Here is the equation:

f0<-1e-9
t_pw<-30e-9
a<-30.7397582453682
c<-6.60935546184612

P<-1-exp((-t_pw)*f0*exp(-a*(1-b/c)^2))

I want to find the b value for P<-0.5 . In Excel we can do it by selecting P value column and setting it to 0.5 and then by using the solver parameters function.

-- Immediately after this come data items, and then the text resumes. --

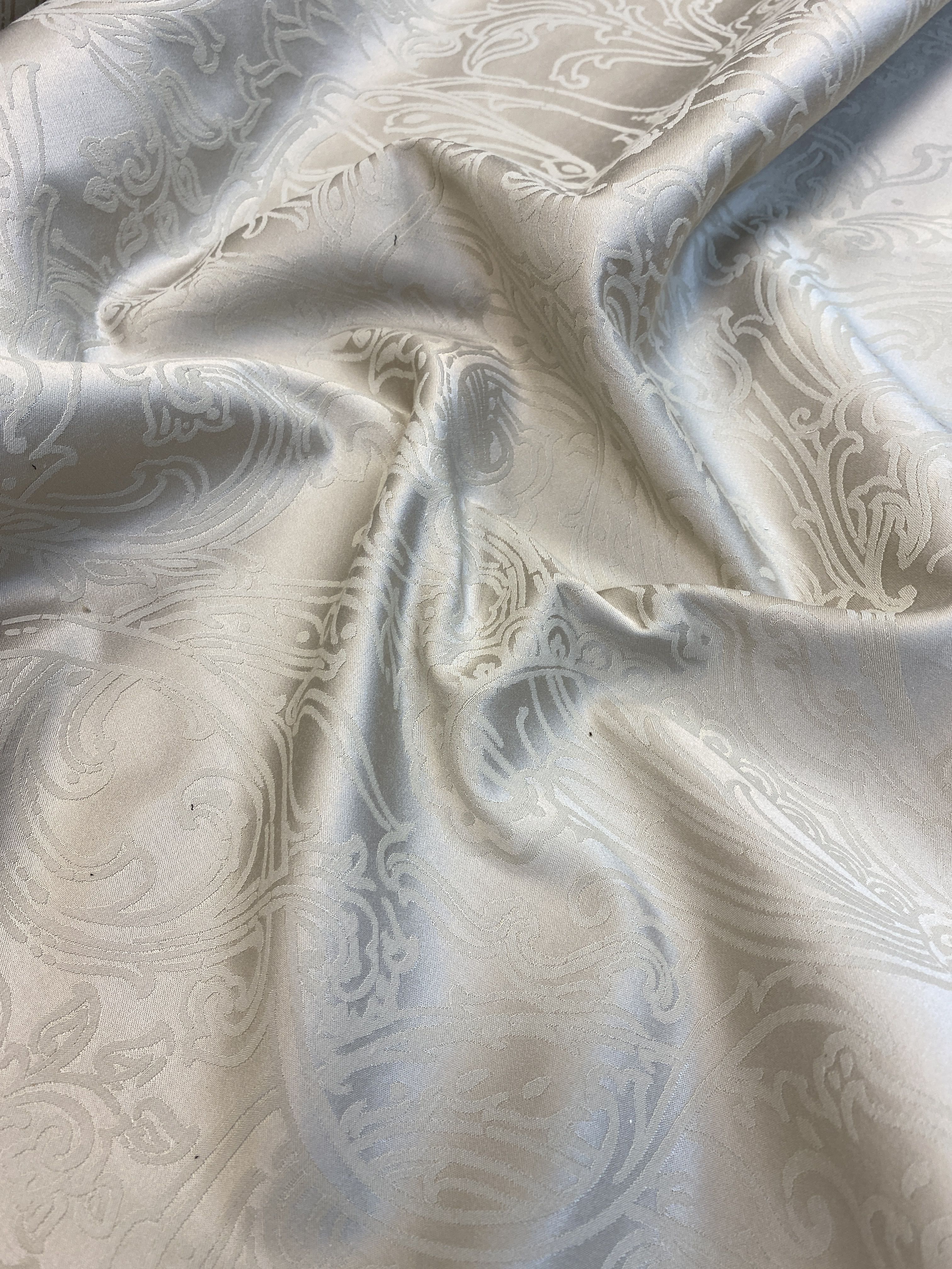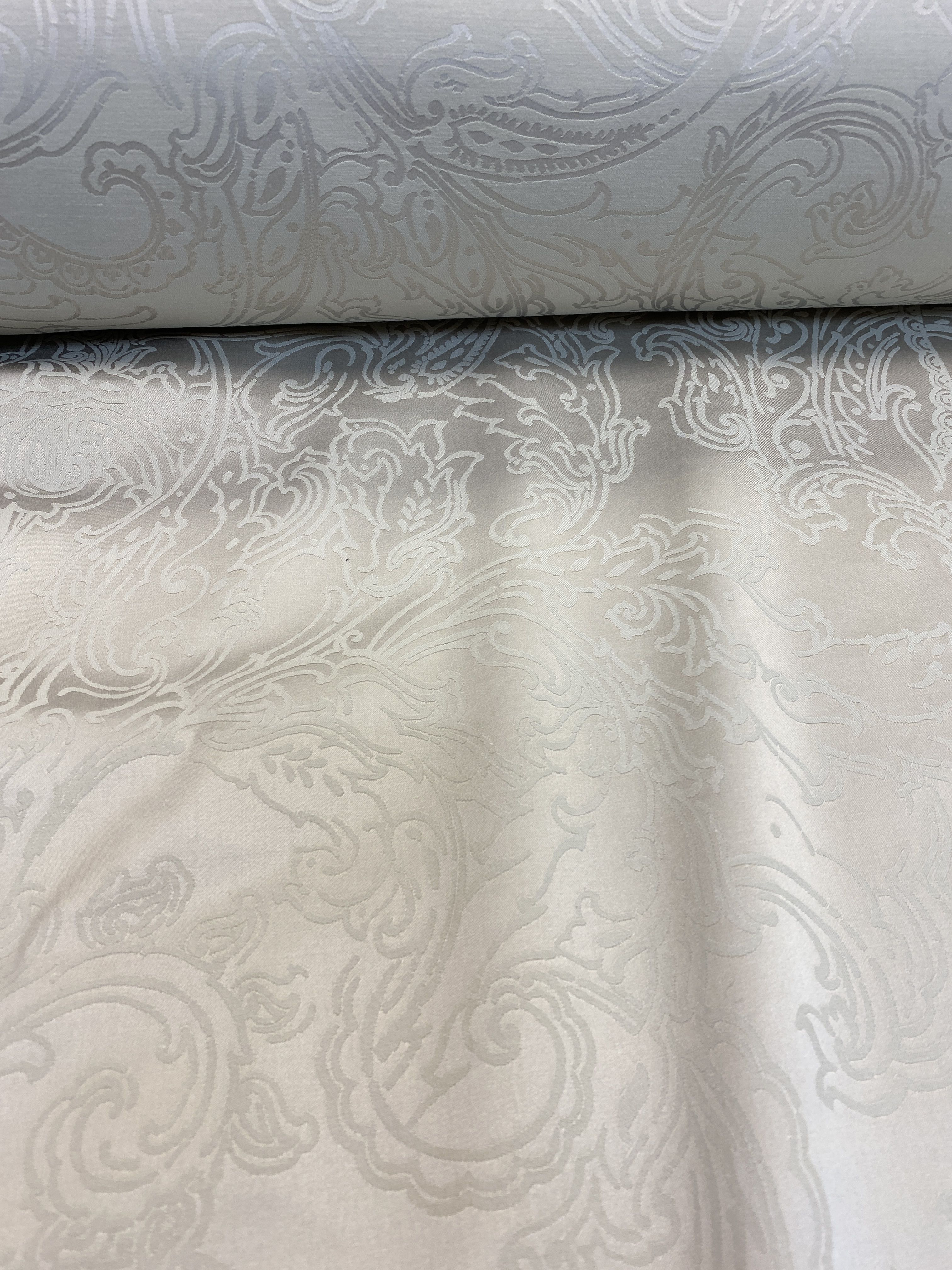 Рисунок на данной ткани представлен вензелями умеренной плотности, что отлично будет смотреться в юбках, платьях, декоративных элементах.
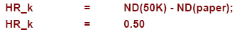 HR_k 是量測黑版 50% 的色塊減去紙白的濃度。G7 定義了 HR_k 的數值為:
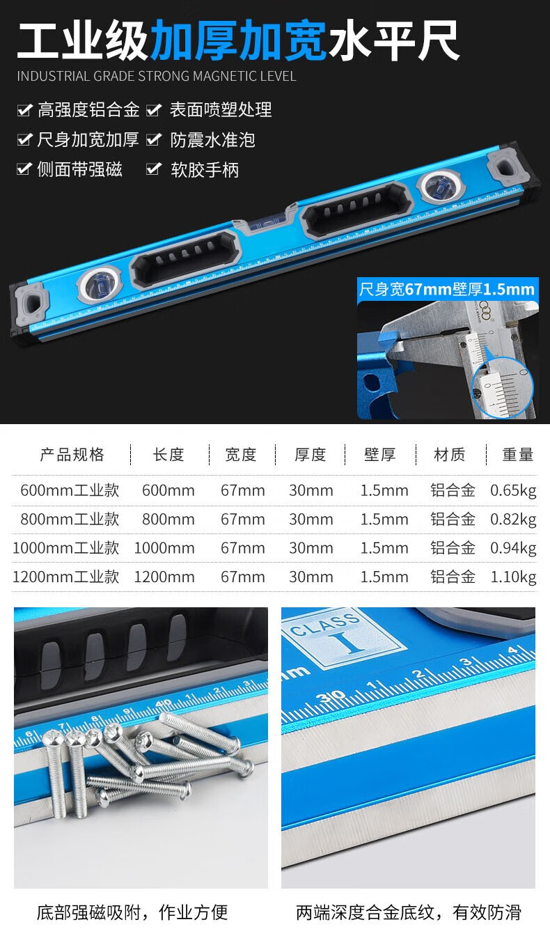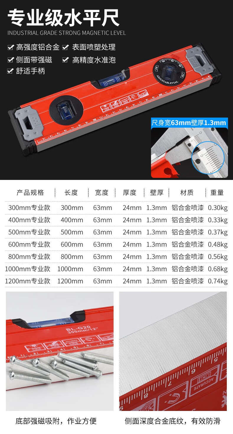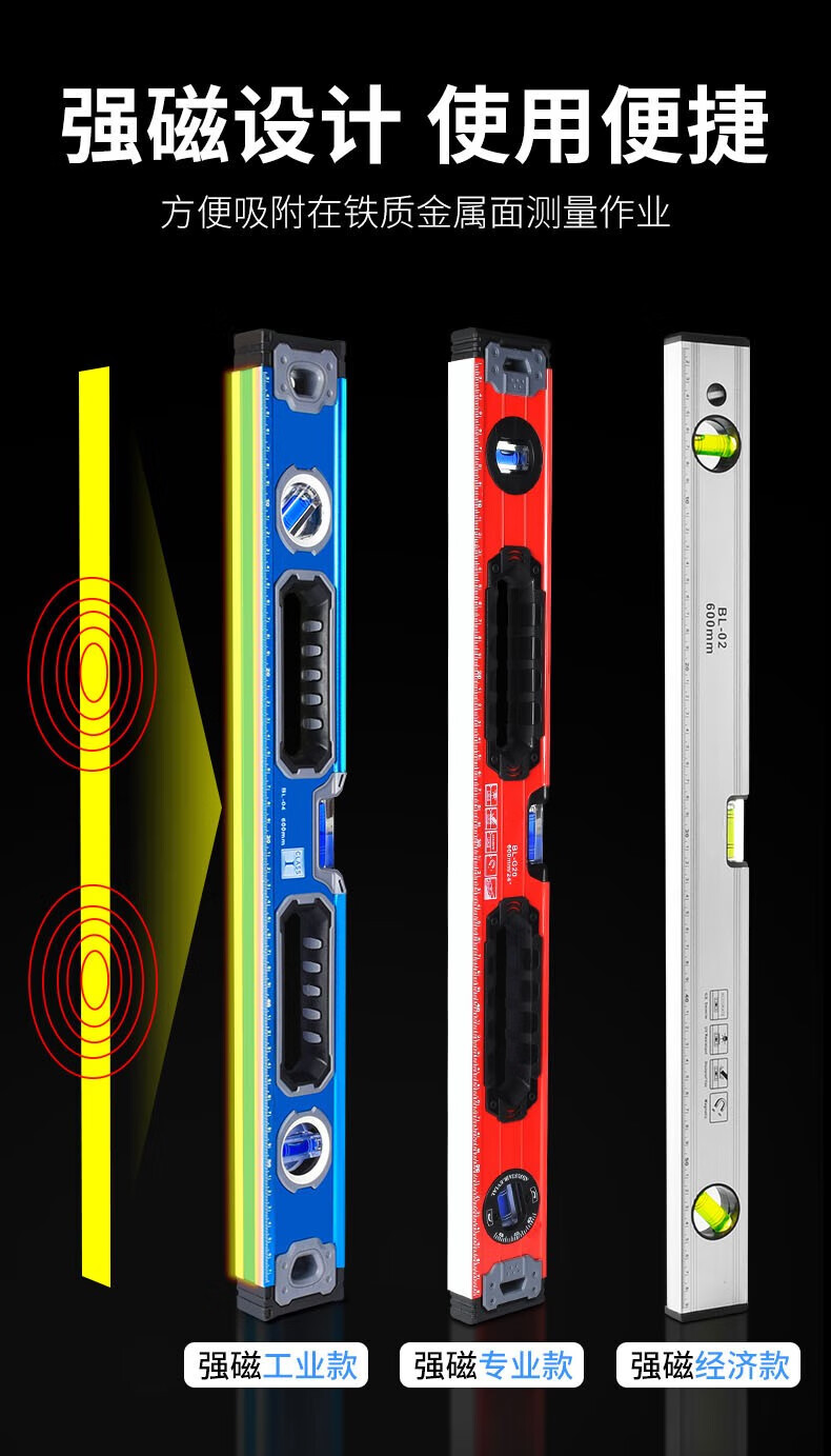 Initial concept of level ruler, high-precision level level ruler, small aluminum alloy solid anti-fall balancer tool, strong magnetic household level ruler, industrial grade strong magnetic 1200mm
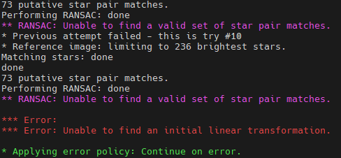 If you get errors for many of the frames during registration such as the following:
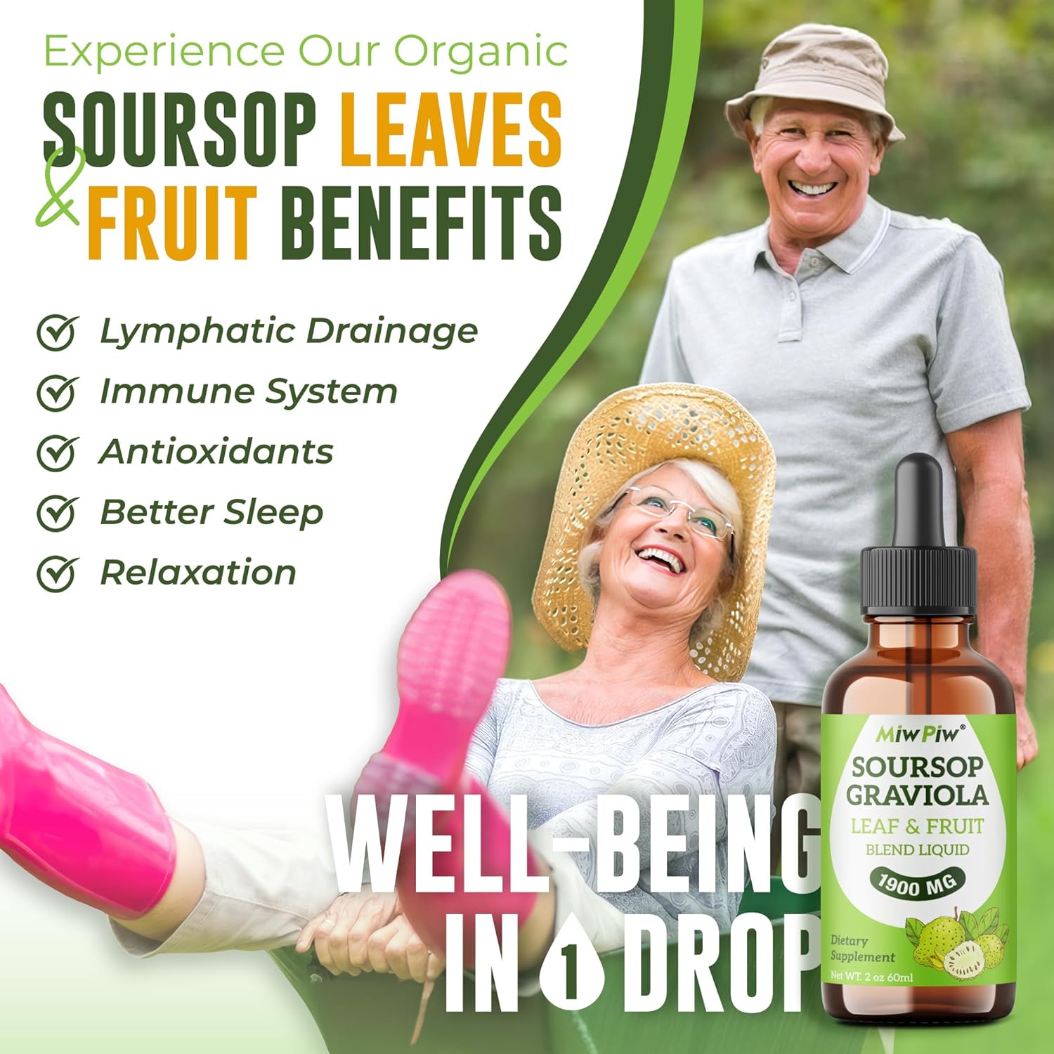 Soursop Graviola Liquid Drop 1900 MG - Immune Boost, Sleep and Relax, Sugar Free, Natural Flavor, Herbal Goodness, 98% Absorption, Soursop Bitter Leaf Extract Liquid
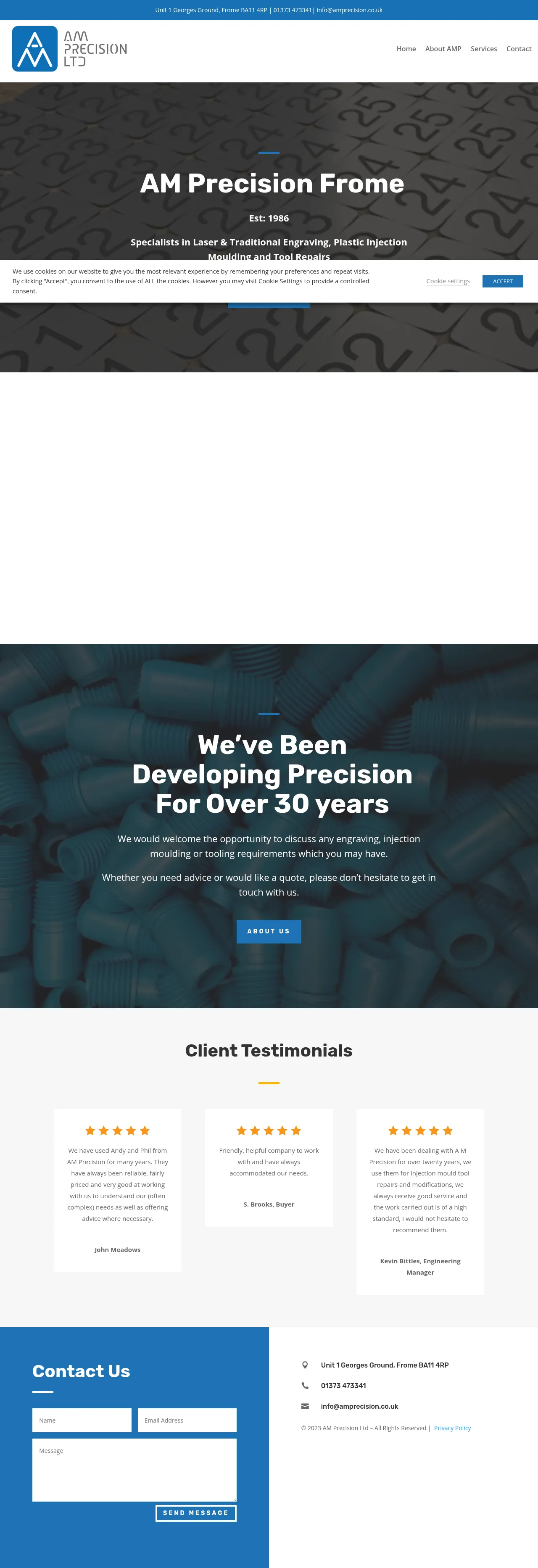 AM Precision Ltd is a family-run manufacturing business based in Frome, Somerset, with operations dating back to 1986. The company specializes in plastic injection moulding, precision toolmaking, and both laser and traditional pantograph engraving services. They serve a diverse international clientele, including manufacturers of auditorium seating, the Post Office, and the automotive, medical, and food industries. With over 30 years of experience, the firm provides high-volume production for custom plastic parts and maintains a focus on mould tool repair. The company is committed to clear communication and timely service for both industrial partners and ad hoc custom projects.
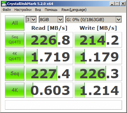 Для оценки скорости работы накопителя в первом приближении использовалась утилита CrystalDiskMark. Запускались все имеющиеся тесты:
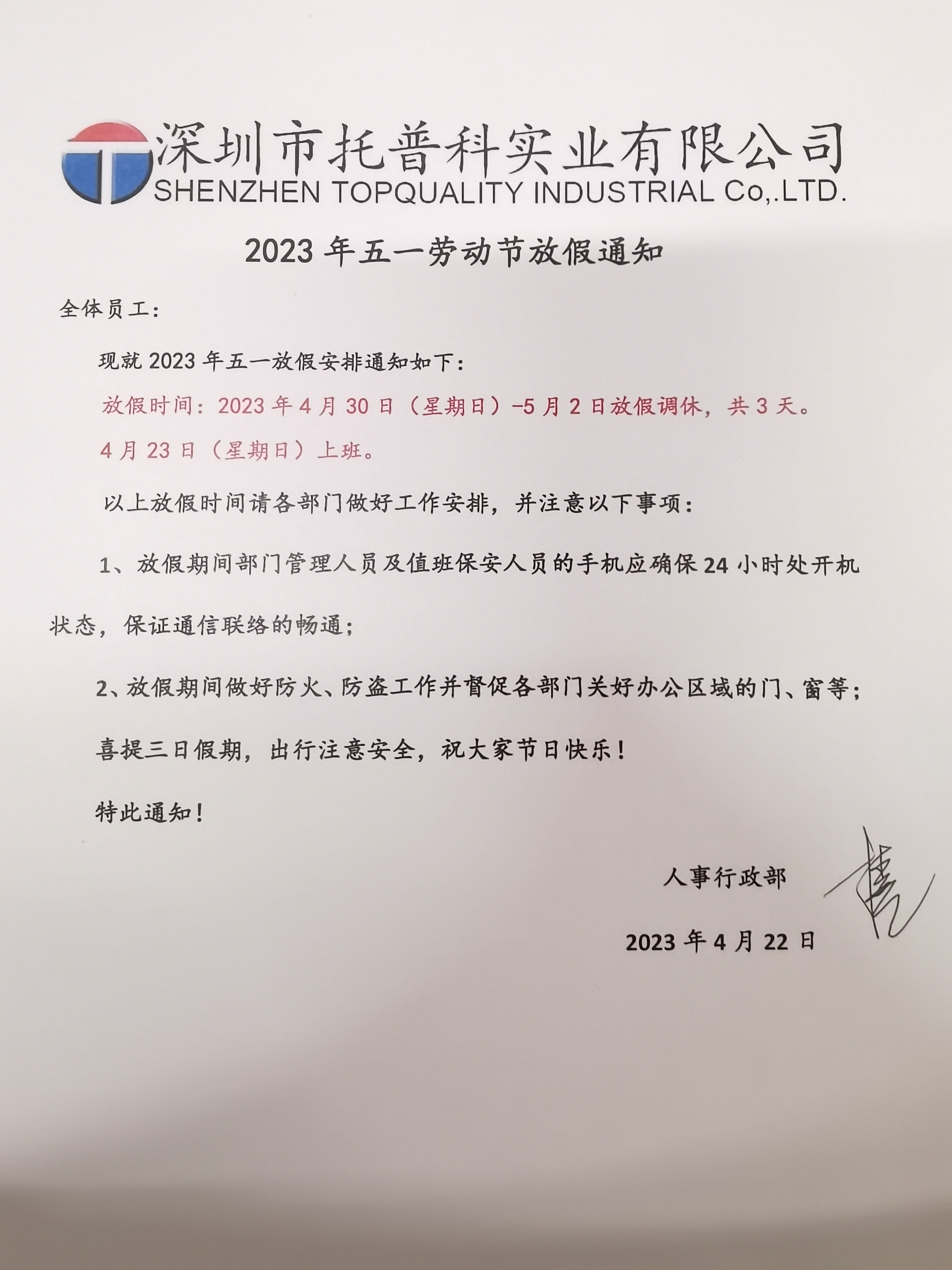 2023年五一勞動節即將臨近,根據公司實際生產經營情況以及國家有關五一勞動節放假安排,現公布2023年深圳托普科實業五一勞動節放假通知:
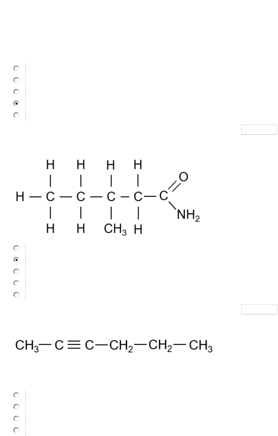 PERG UNTA 1 1. Analise as seguintes assertivas quanto à veracidade – V para VERDADEIRO, ou F para FALSO: A ligação pi (π) está presente em moléculas nas quais existem ligações covalentes simples entre os átomos. Se existe apenas uma ligação entre dois átomos de uma molécula, esta ligação é pi (π). Se há uma ligação dupla entre dois átomos da molécula, uma será sigma (σ) e a outra, pi (π). As assertivas I, II, III e IV são, RESPECTIVAMENTE: a. V, V, F b. F, F, F. c. V, F, V. d. F, F, V. e. F, V, V. 0,15 pontos PERG UNTA 2 1. Quantos carbonos terciários existem na estrutura do composto orgânico abaixo? a. 5. b. 1. c. 3. d. 4. e. 2. 0,15 pontos PERG UNTA 3 1. A estrutura a seguir representa o hex-2-ino. O hex-2-ino apresenta quantos carbonos com hibridização do tipo sp? a. 5. b. 4. c. 1. d. 3. e. 2. 0,15 pontos PERG UNTA 4 1. Observe a cadeia carbônica abaixo. Esta cadeia carbônica pode ser classificada como: a. Alifática e saturada. b. Saturada e homogênea. c. Normal e insaturada. d. Ramificada e heterogênea. e. Cíclica e heterogênea.
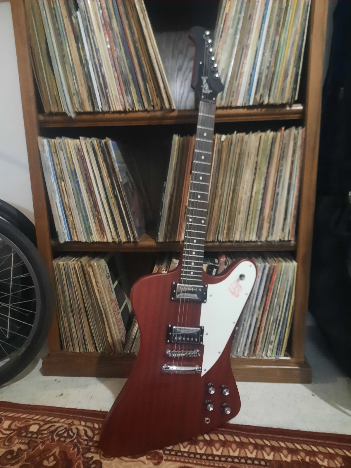 Well, a friend of mine decided he wants to sell one of his guitars so he could finance buying another guitar. I asked about which ones he was considering selling, and an Epiphone Firebird was one of them. It’s one of the set neck ones, not through neck. And it’s got regular humbuckers instead of mini humbuckers, but it seems pretty sweet nonetheless. He put a Gibson truss rod cover on it, though. Silly, but I guess I understand. ![]()

I don't know which method is the best? Or any other way to do it?

Thankx.

Answer 1

If you want to solve an equation the simplest thing is to do is to use uniroot which is in base-R.

f0<-1e-9
t_pw<-30e-9
a<-30.7397582453682
c<-6.60935546184612

func <- function(b) {
    1-exp((-t_pw)*f0*exp(-a*(1-b/c)^2)) - 0.5
}

#interval is the range of values of b to look for a solution
#it can be -Inf, Inf
> uniroot(func, interval=c(-1000, 1000), extendInt='yes')
Error in uniroot(func, interval = c(-1000, 1000), extendInt = "yes") : 
  no sign change found in 1000 iterations

As you see above my unitroot function fails. This is because there is no single solution to your equation which is easy to see as well. exp(-0.0000000000030 * <positive number between 0-1>) is practically (very close to) 1 so your equation becomes 1 - 1 - 0.5 = 0 which doesn't hold. You can see the same with a plot as well:

curve(func) #same result for curve(func, from=-1000, to=1000)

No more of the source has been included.